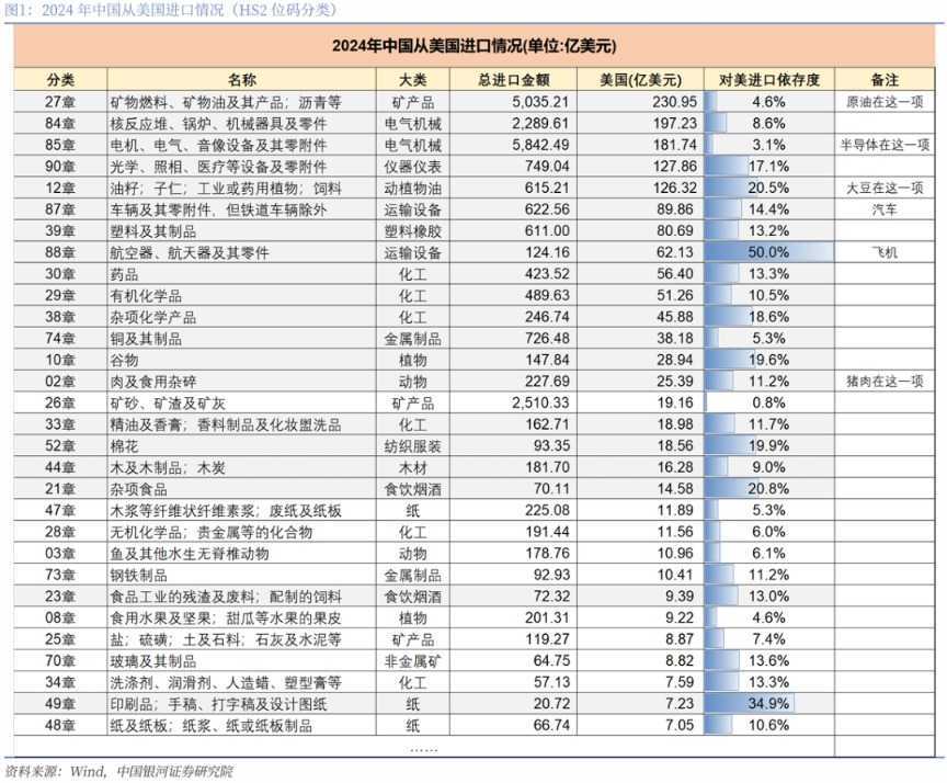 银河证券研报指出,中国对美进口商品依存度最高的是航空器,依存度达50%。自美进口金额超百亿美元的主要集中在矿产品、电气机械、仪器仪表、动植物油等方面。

· · · · ·

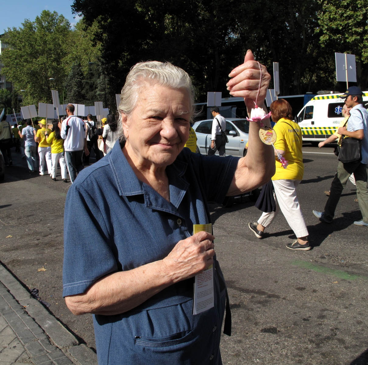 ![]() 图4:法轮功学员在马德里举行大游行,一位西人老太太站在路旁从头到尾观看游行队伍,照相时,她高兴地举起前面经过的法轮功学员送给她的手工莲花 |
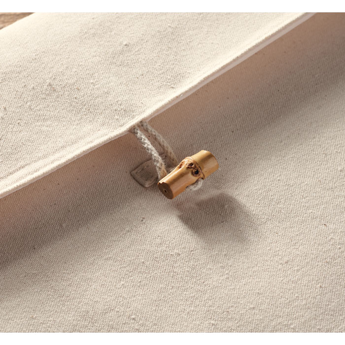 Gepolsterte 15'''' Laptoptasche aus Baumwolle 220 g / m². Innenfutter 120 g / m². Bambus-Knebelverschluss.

· · · · ·

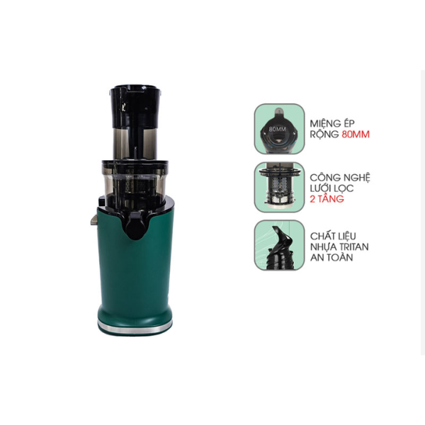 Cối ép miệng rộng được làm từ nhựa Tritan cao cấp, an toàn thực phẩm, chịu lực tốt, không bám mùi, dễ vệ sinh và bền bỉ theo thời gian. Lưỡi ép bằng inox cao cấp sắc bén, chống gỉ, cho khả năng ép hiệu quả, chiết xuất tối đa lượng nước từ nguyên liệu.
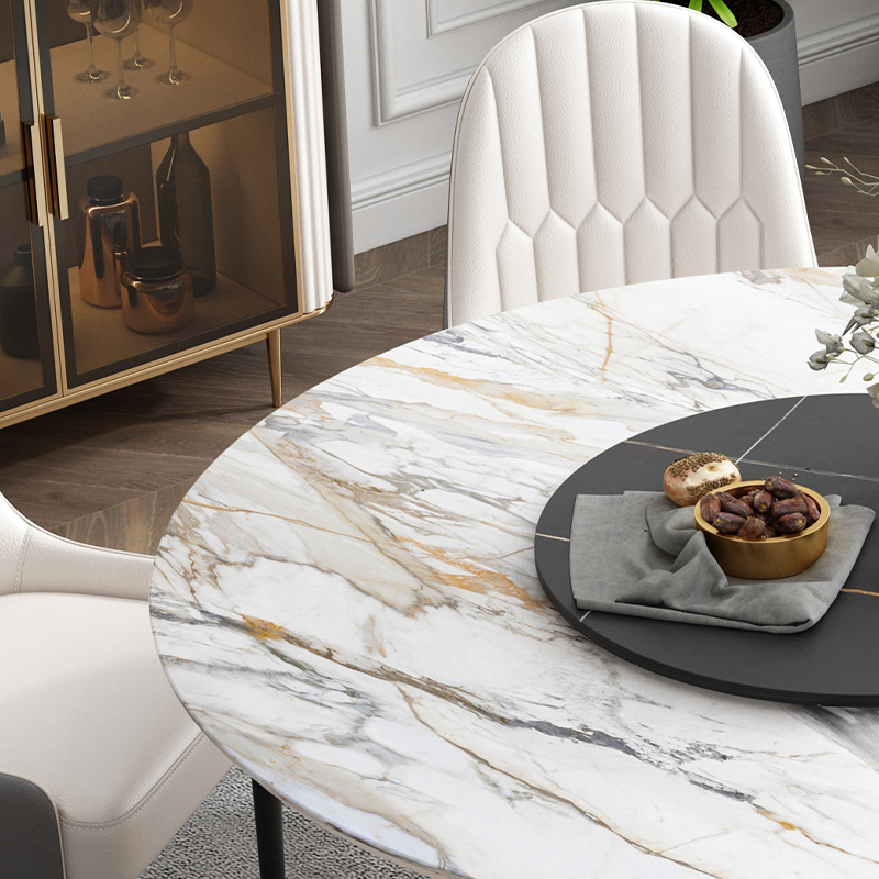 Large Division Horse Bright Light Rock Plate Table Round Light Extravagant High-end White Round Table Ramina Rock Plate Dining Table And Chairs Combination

· · · · ·

Problem statement -
Every line above between the one containing "Cối ép miệng" and the one containing "Large Division Horse", those two included, is to be printed exactly. No pictures go into the copy.

Solution to the problem -
 Cối ép miệng rộng được làm từ nhựa Tritan cao cấp, an toàn thực phẩm, chịu lực tốt, không bám mùi, dễ vệ sinh và bền bỉ theo thời gian. Lưỡi ép bằng inox cao cấp sắc bén, chống gỉ, cho khả năng ép hiệu quả, chiết xuất tối đa lượng nước từ nguyên liệu.
 Large Division Horse Bright Light Rock Plate Table Round Light Extravagant High-end White Round Table Ramina Rock Plate Dining Table And Chairs Combination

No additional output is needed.